The post-antibiotics era is near and the solution could be in your backyard

Vidhi Mehta posits that Post/Biotics can establish a global database that will help scientists find substances that could hold the potential for new antibiotics

Royal College of Art graduate Vidhi Mehta has designed Post/Biotics, an online platform that enables citizen scientists to locally sample their surroundings (such as plants, fungi, soil) to map substances with antimicrobial values and contribute their findings to a database.

Mehta’s design, Post/Biotics, tackles the problem of drug-resistant infections and the diminishing antibiotics stock by mapping the potential of new antibiotics across the world. Her project is raising awareness about this phenomenon, which the World Health Organisation has dubbed the “post-antibiotic era”.

The evolution of bacteria is accelerating faster than science can create new antibiotics, which means we cannot treat previously treatable infections like stomach infection, UTI, Tuberculosis, and strep throat.

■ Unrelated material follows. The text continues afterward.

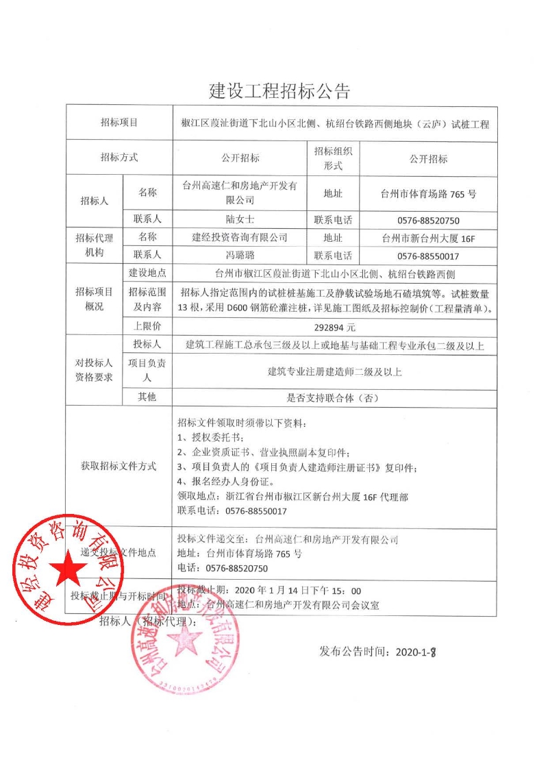 椒江區葭沚街道下北山小區北側、杭紹臺鐵路西側地塊(云廬)試樁工程招標公告

Post/Biotics is both a pop-up lab and a toolkit to encourage the discovery of new antibiotics. “We need better stewardship of existing antibiotics, better diagnostic methods and new antibiotics that we can take better care of this time around,” says Mehta. “Unfortunately, we are dragging our feet in dealing with the superbug threat.”

Identifying new solutions to bacterial resistance is a cost and resource intensive expedition because the substances which could lead to new medical advancements could be anywhere in the world.  As such, “Post/Biotics toolkit hands over the power of empirical research in the hands of citizen scientists,” she adds.

Post/Biotics is a vision for open source drug discovery. Instead of relying on research institutions and pharmaceutical companies to do the tedious research in mining for antibiotics, Mehta’s toolkit empowers citizens in the creation of their medical future.

Medhi is aware that Post/Biotic may not be the miracle solution of medicine and that every citizen sample may not turn into a new antibiotic. “But if we have enough experiments going on, in enough locations around the world, we think it’s possible that some will,” she says.